Se escuchan tantos rumores, yo me quedo con que lo tienen vivo. Despues de tantos años tras el, como para pegarle un tiro y tirarlo al mar. La cantidad de información que le podrian sacar, claro siempre que comfesara,...para matarlo habria tiempo.

Saludos.


----------



## el-rey-julien (Jun 19, 2011)

las dudas y las teorias conspirativas aparecen cuando las personas quieren escuchar otra cosa ,
es decir cuando no creemos en lo que nos dicen,
tengo un ejemplo de la semana pasada (hoy es 19/06/2011)
el jueves en adrogue no vi policias en los lugares que siempre suelen estar(por la mañana)
ese mismo jueves en la esquina donde trabajo escuche ruidos raros,frenadas,gritos,golpes o choque ,lo que me parecio muy raro,pues nunca pasa nada por esa zona,ese mismo jueves otro incidente muy raro ,saliendo de la estacion de servicio observe un tipo con un arma ,pelo corto ,parecia policia ,lo segui obserbando unos minutos ,por un momento pense que era un asaltante ,pero no sucedio nada,
por la tarde ya de regreso a casa tampoco observe pilicias,
el viernes me despierto con una noticia,habian matado a una mujer a 200 metros de mi trabajo ,le quisieron robar su auto,
en su casa estaban los periodistas,sus camiones y cámaras ,,,,,pero en las noticias no dijeron nada ¡¡¡¡
yo pienso que el jueves adrogue tubo una zona liberada y que luego encubrieron todo porque a pesar de las canales de tv que estuvieron en la tv no salio nada y si ya el viernes todos los policías estaban en sus puestos habituales


----------



## Electronec (Jun 19, 2011)

el-rey-julien dijo:


> las dudas y las teorias conspirativas aparecen cuando las personas quieren escuchar otra cosa ,
> es decir cuando no creemos en lo que nos dicen,.............

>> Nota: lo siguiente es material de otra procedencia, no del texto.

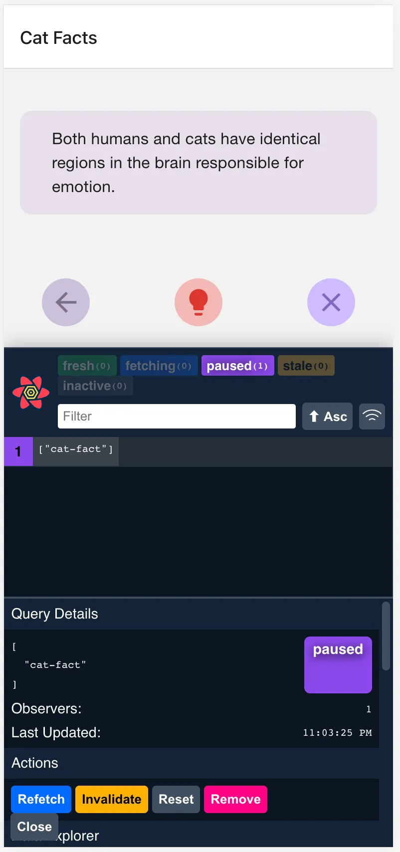 If you open my Expo app on the web by running nx start cats and choose the options Press w │ open web, you should be able to use the dev tools and see the state of my react queries:

Yo la verdad, que con el paso de los años, de lo que veo o escucho, me creo la mitad,....y de la otra mitad, un 99,999999999999999...........me parece mentira.

OJO...no soy una persona pesimista, pero no confio en los políticos,............y demas.

Saludos.


----------



## fernandob (Jun 19, 2011)

la TV yo se que es cualquier cosa, pero lo que contas rey julien, de tu percepcion.
te dire una cosa: tenemso años (cada uno con 365 dias de experiencia)`para ir aprendiendo .
yo antes "me comia" problemas, por confiado, o por suponer que el mundo es buenito y las cosas no pasan .
pero desde que comence a escucharme a mi mismo y a hacer caso a mis percepciones los problemas se me han reducido drasticamente.
entre otras cosas esta en que ..si "por sea caso" atendes cada señal de alarma , a lo muchoi perderas un poco de tiempo .
pero si NO las escuchas podes llevarte un disgusto.

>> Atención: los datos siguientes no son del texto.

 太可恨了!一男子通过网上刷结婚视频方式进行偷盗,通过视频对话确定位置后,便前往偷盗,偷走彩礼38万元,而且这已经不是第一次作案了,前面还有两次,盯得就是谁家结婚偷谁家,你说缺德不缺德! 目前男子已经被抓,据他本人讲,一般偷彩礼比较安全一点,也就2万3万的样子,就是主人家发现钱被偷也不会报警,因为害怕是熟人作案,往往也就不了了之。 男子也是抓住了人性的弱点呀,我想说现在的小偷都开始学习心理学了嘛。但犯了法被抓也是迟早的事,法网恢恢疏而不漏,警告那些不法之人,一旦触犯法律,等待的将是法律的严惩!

y desde que las escucho y presto atencion al resultado cada vez mas aprendo a percibir.

ES CORRECTO prestar atencion como hiciste y ser , digamso paranoico, en verdad cuidadoso.
y no tiene nada de paranoico , seria paranoico si pensase en ovnis , o en monstruos...........pero pensar en la gente .eso no tiene nada de paranoico , acaso lo spoliticos no confuabulan ??
la policia no hace esas porquerias ?? lso delinciuentes  no delinquen??? 

no.....no es paranoico eso, es prestar atencion.


----------



## fernandob (Jul 17, 2011)

hola, les cuento una cosa, a ver que opinan :

es acerca de las posibilidades de nuestro origen y futuro:

Vieron que nososotros , los seres humanos construimos maquinas, robots, cerebros (computadoras) y en estos temas estamos evolucionando, mejorando .
pero en cuanto a comprender a nuestro propio funcionamiento la cosa es mas compleja (nuestro cerebro, y parte microscopica del cuerpo ) .
pues esto me hace mirar tanto hacia arriba como hacia abajo:
Podemos y hemos creado una tecnologia en base a algo distinto a nosotros, nosotros somos biologicos y creamos cosas pero en base a minerales.
comprendemso hasta la minima unidad de una supercomputadora (el transistor) y tambien lso programas, ya que nosotros lo hicimos .

Pues que me da que pensar acerca de que quizas, en el futuro crearemos robots mucho mas inteligentes que se puedan replicar, o sea construir a si mismos.
Podriamos mandar colonias de robots a otros mundos y alla ellos fabrican mas robots hasta hacer grupos de trabajo.

EL TEMA ES que (vamos a imaginar) un dia consideramos esa colonia inutil y la abandonamos, o algo ocurre y nosotros (seres biologicos) nos morimos.
pues quedaran los robots y seguiran construyendo mas unidades.
quizas miles y cientos de miles de años despues sean una sociedad y no sepan de donde vienen , exactamente igual que nosotros.
no sepan su origen.
quizas millones de años despues las unidades sean totalmente distintas  a las originales debido a que se adaptaron o fueron modificando de acuerdo a sus necsidades (evolucion) .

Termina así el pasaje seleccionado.